This recommendation has its source in the need for continual technology updating. However, it also recognizes that more is changing than just technology. We need to develop many more ways to enable learning, to recognize learning, and to reward learning. See pp 30-32 for further discussion of this issue.
During the last decade, many faculty have experimented with technology in their courses. During the next decade, many faculty will make commitments to change curricula, delivery style and outcome expectations for courses they teach. Faculty will need institutional support for these retooling efforts. We'll need to direct resources into creative ways of restructuring instructor time, encouraging collaborative efforts, and providing implementation support.
The technology mainstream is continually shifting. We need to continue to probe new technologies--to discover what doesn't work as well as what does.
Fund those who wish to learn more about specific technologies and their applications to teaching and learning, as well as those who wish to develop technology-based materials for their courses.

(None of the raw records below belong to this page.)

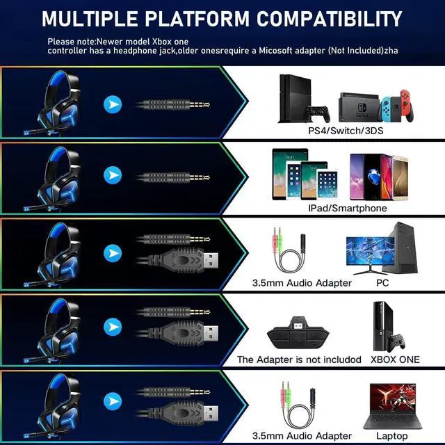 GREAT COMPATIBILITYUsb headset with microphone is suitable for new Xbox One, PS4, 3DS, PSP, PC, laptop, tablet, iPad, smartphone and other devices with 3.5 mm jacks.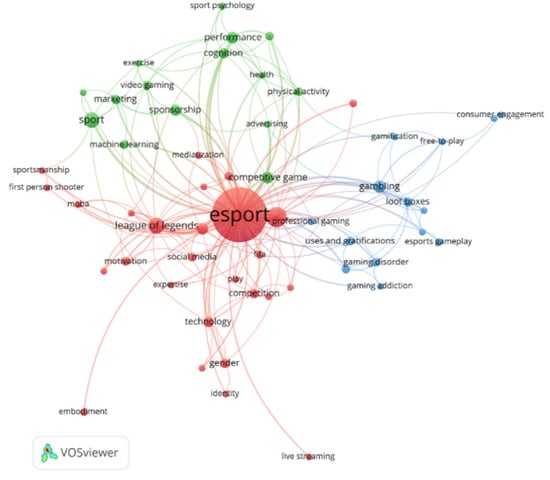 To identify the emerging themes related to eSports in 260 studies, co-occurrence analysis of the keywords was conducted using VOSviewer. This technique applies a text-mining algorithm to the titles, abstracts, and keywords of articles to construct maps of the keywords [40,63]. The links between keywords were established based on the co-occurrence of keywords in the selected articles. To avoid repeated keywords, a customized VOSviewer thesaurus file was used to merge variants with the same meaning (e.g., “esport”, “esports”, “electronic sport”, and “e-sport”). From a total of 806 keywords, the co-occurrence analysis identified 56 keywords with a minimum of three co-occurrences. Table 6 presents the frequently co-occurring keywords in eSports research. In Figure 2, the nodes indicate the frequently occurring keywords, and the links indicate the relationships between themes. Moreover, the nodes closely connect to each other to form a theme with the same color [61]. VOSviewer identified three clusters consisting of nodes with the same color: (1) eSports games (red), (2) development of eSports (green), and (3) eSports user perception and behavior (blue). Specifically, the first cluster (red) included the characteristics of eSports games and activities close to eSports (e.g., [2,66,67]). The second cluster (green) consisted of comparisons between eSports and traditional sports (i.e., physical activity) and marketing opportunities in eSports (e.g., [13,66]). Finally, the last cluster (blue) captured different perceptive and behavioral aspects of users within the context of eSports, such as competitive behavior, gaming addiction, gaming disorders, gambling, and consumer engagement (e.g., [67,68]).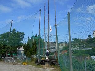 本校では、毎朝・毎夕に国旗・市旗・校旗の掲揚と降納を行っています。生徒会役員の仕事の一つとして、毎日頑張っています。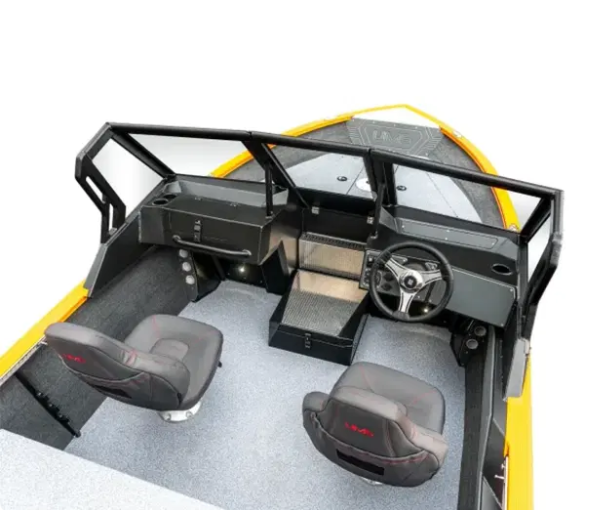 De boeg is zorgvuldig ontworpen om uw trollingmotor eenvoudig te bevestigen. De console van de bestuurder biedt plaats aan twee 12-inch kaartplotters, zodat u voldoende ruimte heeft voor navigatiehulpmiddelen.

The Ocotillo groups offer a superlative medium for generating and growing ideas related to improving learning through technology. Ocotillo remains the forum for investigating district-wide issues relating to technology and instruction. An enormous number of different employees have been involved in Ocotillo and efforts should be made to increase this number.
What additional benefits have occurred? Any negative side-effects? We need to learn more about both, as we use technology more. Through FIPSE, a project called Flashlight is planning to address this issue.
Every aspect of MCCCD will continue to experience change. We'll communicate much better with each other regarding those changes if we share a common vocabulary about the process of change. An Ocotillo group is currently working to accomplish this.
Course fees and user fees for technology, as well as external funding sources, should simply supplement a base allocation for technology. Technology resources need to be renewed continually.
The way we are currently organized both encourages and discourages efforts to respond responsibly and creatively to change. We can't afford an organizational structure that gets in our way. So we need to change those structures and systems that impede rather than propel the flow.